At the same time, framing is not merely about abstract rhetoric but about how meanings evoke responses from particular people in particular contexts. So, the specific reference to conscience, above, is not insignificant for liberal Catholics. In developing their personal moral position with regard to contraception, liberal Catholics invariably rely on conscience as the theological basis for their dissent from Church teaching. Reliance on conscience also serves to maintain their identity as Catholic despite their disagreement with Church teaching. Thus, an argument from conscience has added resonance for Liberal Catholics and Dolan’s quote successfully harnessed that connection.
Of course, the administration sought, from the beginning, to frame the argument as an issue of making health care available to all (by making contraception available to all women, in this instance). Yet, the context of the decision—the administration had proactively developed a new rule that required religious institutions (beyond congregations and denominations) to directly pay for contraception—worked against their preferred framing. Furthermore, liberal Catholic elites such as Sr. Carol Keehan and E.J. Dionne called them out on the issue. In the end, liberal Catholics were persuaded by the framing of the issue (as one of religious liberty) to respond negatively to the administration.
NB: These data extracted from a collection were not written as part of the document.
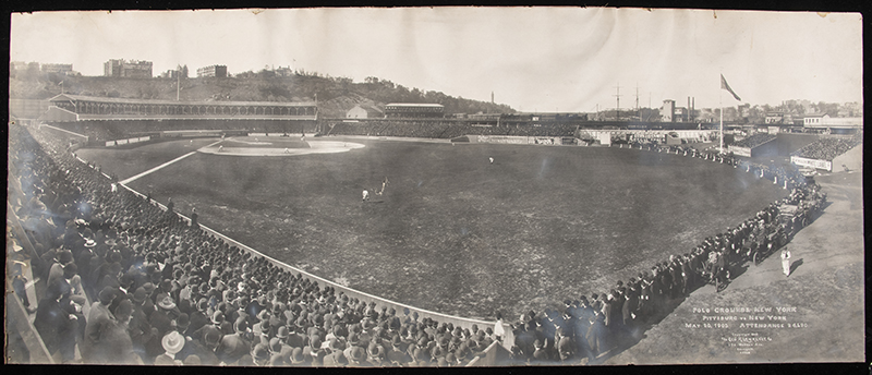 Description:Mammoth May 20, 1905 Pittsburgh Pirates vs. New York Giants panoramic photograph by George Lawrence. Magnificent large format photograph taken from a deep right field vantage showing game action in the Polo Grounds. Captioned within at lower right corner and marked "1905...Geo. R. Lawrence." Mounted to linen with scattered toning/discoloration and wear that primarily effects the corners and/or edges. The most notable flaw is a puncture/tear near the center which can clearly be seen however was largely reversed when the piece was backed. One of perhaps two or three examples known *Image measures 46"x19" and it has been framed to 56"x29.5" for display: GD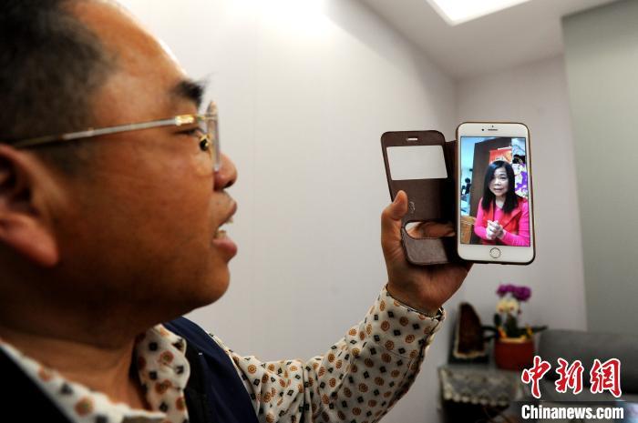 台商曾文子的丈夫吴锡祺与台湾朋友视频连线拜年。 张金川 摄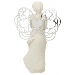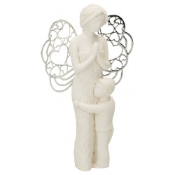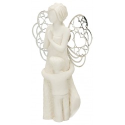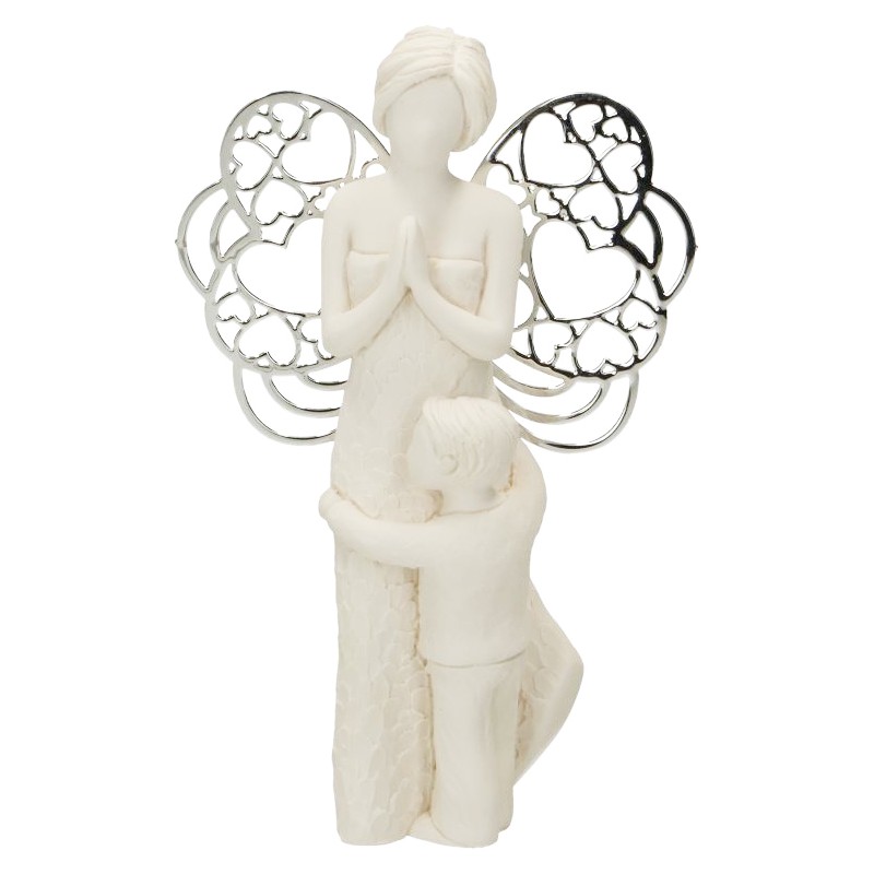 Hars engel met metalen vleugels en jongen 7,5 x 12 cm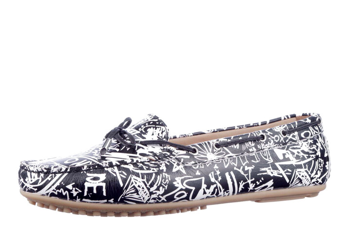 De echte lichtgewicht moccassins op noppenzooltje met veter door het boord en vetertje op het voorblad. In diverse kleurrijke uitvoeringen: camel-, taupe-, oranje-, babyblauw- en donkerblauw suède, goud leer en met wit/zw en zw/wit print. Loopt heerlijk met blote voeten.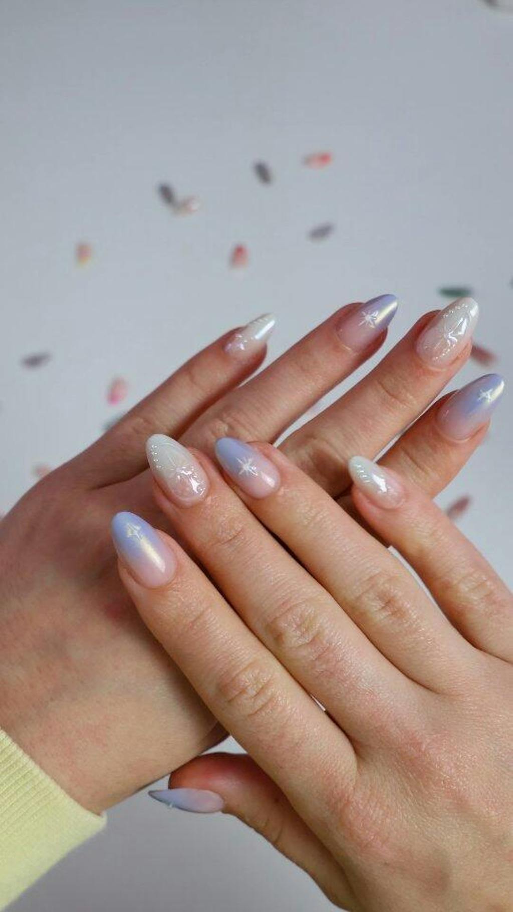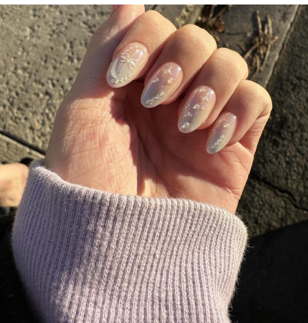 Gradient Stars & Pearl — A fresh, dreamy gradient design that blends soft hues with delicate star and pearl accents for a whimsical yet elegant finish. The gentle color transition and shimmering details make this set the perfect match for white lace dresses, wedding looks, resort vacations, or any occasion where you want a refined and effortless style. Whether you’re dressing up for an elegant brunch or a weekend getaway, these nails bring a radiant, versatile charm to every look.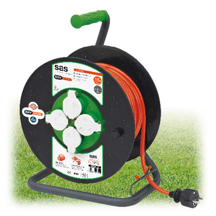 Το στροφείο εξωτερικών χώρων της sas διαθέτει 4 πρίζες σούκο ΙΡ44 με ειδικό λαστιχένιο κάλυμμα για προστασία από το νερό και λαστιχένιο καλώδιο H05RR-F. Χάρη στην τεχνολογία DRY και το ειδικό λαστιχένιο κάλυμμα, η χρήση του στροφείου γίνεται εύκολη και ασφαλής υπόθεση ακόμη και σε περιβάλλον βροχής, τρεχούμενου νερού και κατασκευές έργων που συνδέονται με την ύδρευση.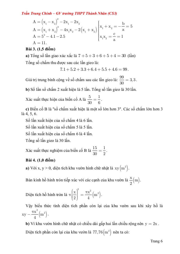 Bài 3. (1,5 điểm) Dạng toán thực tế liên quan đến xác suất, thống kê.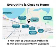 LOCATION, LOCATION, LOCATION and a feeling you’ll never want to leave. Just a 3 minute stroll to Parksville’s sandy beach and the heart of the Community Park. It has lived to the sound of the ocean tides, playground laughter, summer concerts and fireworks lighting up the sky. Thoughtfully updated with a new roof (2024), heat pump (2022), hot water tank (2022), eavestroughs (2021) and Bosch dishwasher, it’s ready to begin its next chapter. With Englishman River trails at your doorstep, the ocean just moments away, and a yard that has held years of laughter and quiet reflection, this home offers something rare, a life beautifully lived. It’s where community and nature meet, where days feel lighter, and where memories are made without effort. More than walls and a roof, this is a place to put down roots, to grow, to gather, and to truly feel at home.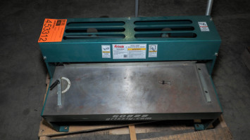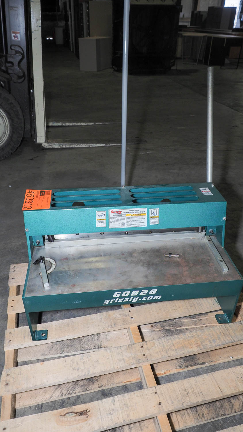 Grizzly G0828 25" benchtop metal shear. Condition:Condition unknown; handle and mechanism do not move. *The University of Texas at Austin makes no claim of physical or mechanical , and functionality of items available through SWICO Auctions. All items are sold “As is, where is”. It is the sole responsibility of the bidder to physically inspect items before bidding and assume all risk. Photos and descriptions are for preview only. All sales are final and no refunds will be issued. Please refer to the SWICO “Terms of Service” in which you have agreed to.
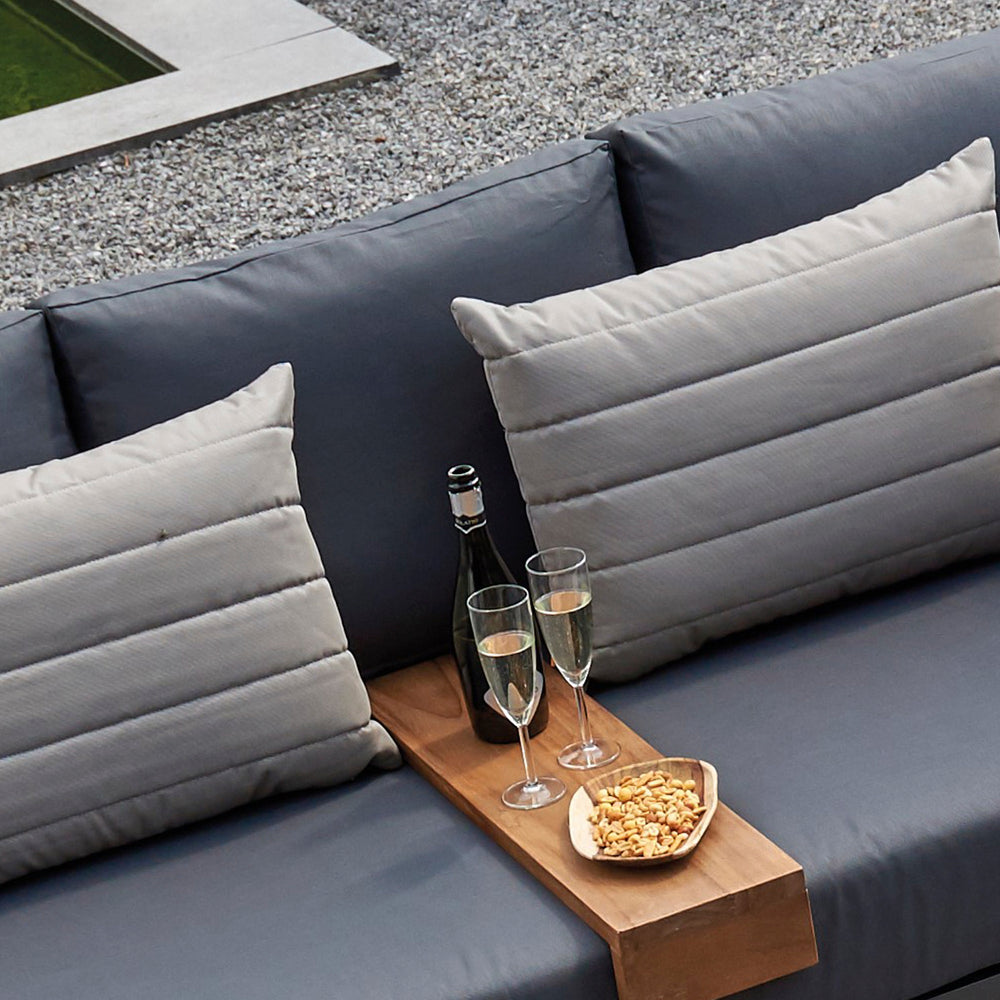 A beautiful warm blend of all natural, grade A, Indonesian certified robust teak wood on a strong lava aluminum frame.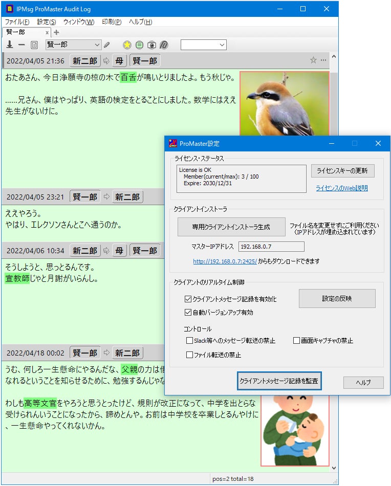 「IP Messenger Pro」は、企業様よりご要望の多かった「ログ監査機能」や「メッセージ外部転送の許可/禁止」などの各種コンプライアンス機能を搭載した、年間170万ダウンロードを誇る「IP Messenger」の商用版です。また設定不要な専用インストーラ生成機能など、管理コスト低減機能も搭載しております。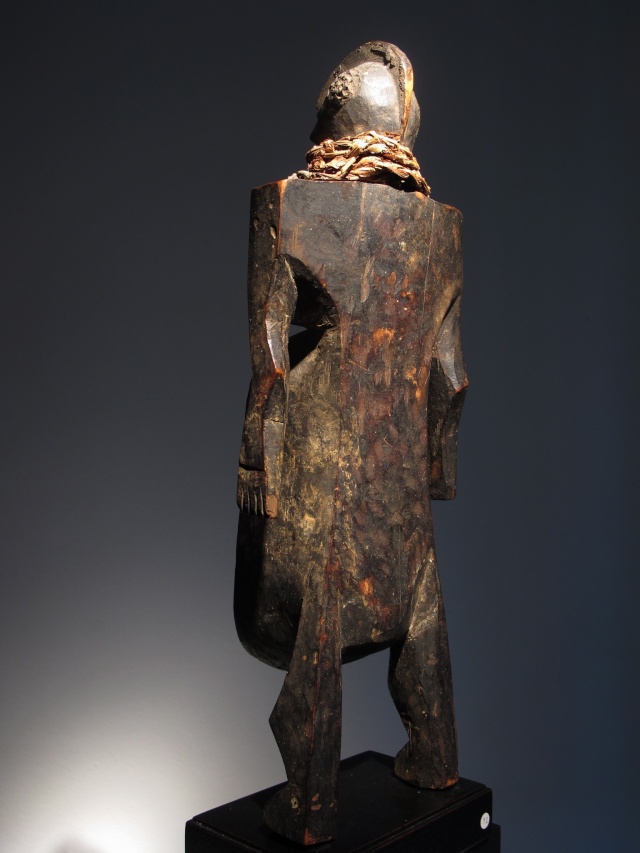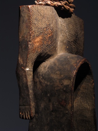 A weave of fibers separates the head from the mighty chest, in which the game of plans and empty is accentuated by the scarification that mark the volumes.
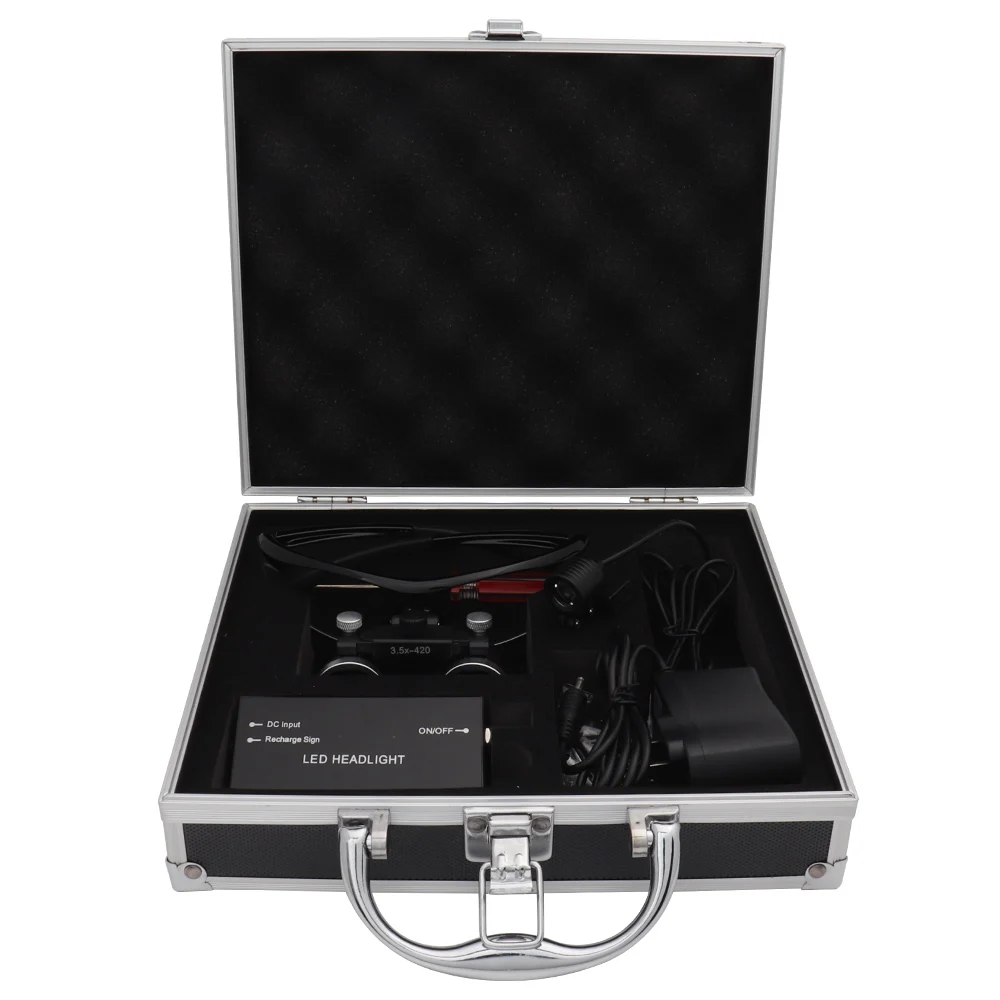 "Спецификация: Увеличение: 3,5x Рабочее расстояние: 420 мм Глубина резкости: 80 мм Поле зрения: 60 мм Оправы: никелевый сплав или титан Особенности: Светодиодная лампа: 3 Вт Время непрерывной работы: после полной зарядки 5 ч Срок службы лампы: 10000 ч Аккумулятор: перезаряжаемый литий-ионный аккумулятор Яркость: регулируемая Входное напряжение: AC100-240V / 50-60 Гц "

This coercion vs. availability framing potentially explains liberal Catholics’ sense of betrayal rather than mere disagreement as well. Historically, liberal Catholic politicians of Democratic provenance have taken the lead in arguing that a pro-choice stance is not the same thing as a pro-abortion stance. Such folks have usually said that they personally were against abortion, but were also against outlawing abortion because it would use the coercive power of the state to enforce their own Catholic morality on other people of good will with different moral views (e.g., John Kerry made this argument when he ran for President). Over the years, many of these Catholics have felt that this distinguishing between their personal Catholic morality and the coercive use of the state has been misunderstood. In point of fact, they’ve heard people suggest that their position meant they were “not really” against abortion, and it has led to them being labeled “not really Catholic” by co-religionists on the right. But this time, it was Obama who was failing to see the distinction between their personal views about an issue (the morality of contraception) vs. the coercive role of the state.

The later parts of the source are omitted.